On Thu, Oct 6, 2022 at 6:47 PM Yu Zhao <[email protected]> wrote:
>
> On Wed, Oct 5, 2022 at 9:30 AM kernel test robot <[email protected]> wrote:
> >
> >
> > Greeting,
> >
> > FYI, we noticed the following commit (built with gcc-11):
> >
> > commit: 763ecb035029f500d7e6dc99acd1ad299b7726a1 ("mm: remove the vma linked list")
> > https://git.kernel.org/cgit/linux/kernel/git/next/linux-next.git master
> >
> > in testcase: trinity
> > version: trinity-static-i386-x86_64-1c734c75-1_2020-01-06
> > with following parameters:
> >
> > runtime: 300s
> > group: group-03
> >
> > test-description: Trinity is a linux system call fuzz tester.

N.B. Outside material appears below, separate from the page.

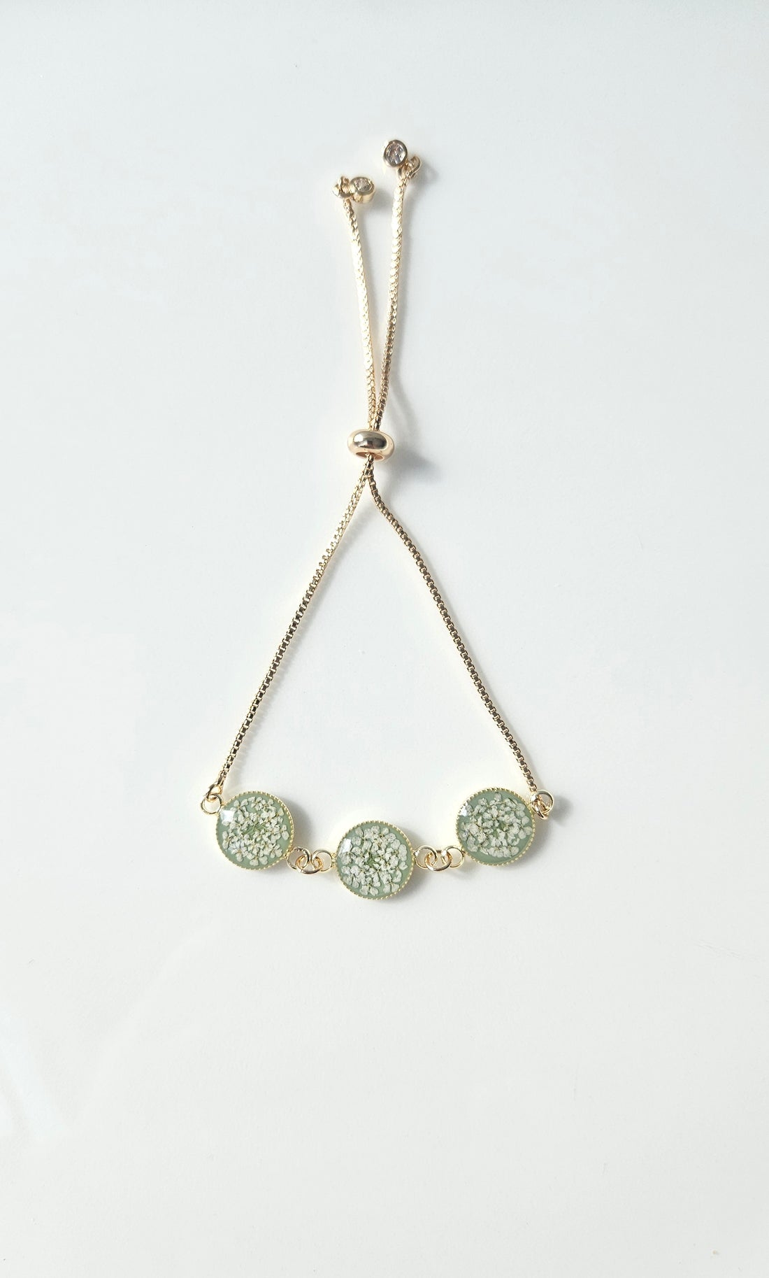 -Real lace flower set against a hand-painted sea foam background, preserved in high-quality resin within...

> > test-url: http://codemonkey.org.uk/projects/trinity/
> >
> >
> > on test machine: qemu-system-x86_64 -enable-kvm -cpu SandyBridge -smp 2 -m 16G
> >
> > caused below changes (please refer to attached dmesg/kmsg for entire log/backtrace):
> >
> >
> >
> > If you fix the issue, kindly add following tag
> > | Reported-by: kernel test robot <[email protected]>
> > | Link: https://lore.kernel.org/r/[email protected]
> >
> >
> > [ 63.390267][ T5018] ------------[ cut here ]------------
> > [ 63.391875][ T5018] kernel BUG at mm/mmap.c:3167!

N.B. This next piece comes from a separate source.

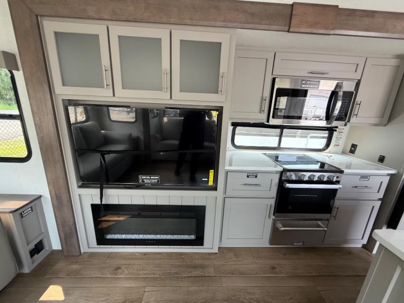Functional Kitchen: Equipped with a 10 cu. ft. 12V refrigerator, three-burner cooktop, and a kitchen island, the kitchen provides ample space for meal preparation. Additional storage is available in the pantry and hutch.?

> > [ 63.393264][ T5018] invalid opcode: 0000 [#1] SMP PTI
> > [ 63.394501][ T5018] CPU: 1 PID: 5018 Comm: trinity-c1 Not tainted 6.0.0-rc3-00284-g763ecb035029 #1
> > [ 63.396050][ T5018] Hardware name: QEMU Standard PC (i440FX + PIIX, 1996), BIOS 1.16.0-debian-1.16.0-4 04/01/2014
> > [ 63.397726][ T5018] RIP: 0010:exit_mmap (mm/mmap.c:3167 (discriminator 1))
>
> Thanks, Oliver.
>
> The attached dmesg doesn't say much. My guess is the oom reaper jumped
> in between
>
> mmap_read_unlock(mm);
>
> /*
> * Set MMF_OOM_SKIP to hide this task from the oom killer/reaper
> * because the memory has been already freed.
> */
> set_bit(MMF_OOM_SKIP, &mm->flags);
> mmap_write_lock(mm);
>
> It seems to me we need to hold the lock for write all the time. But
> there is probably a reason we didn't do it in the first place.

Apparently this is safe: I checked all places that change VMAs and
none of them can race with the above (oom reaper was a red herring).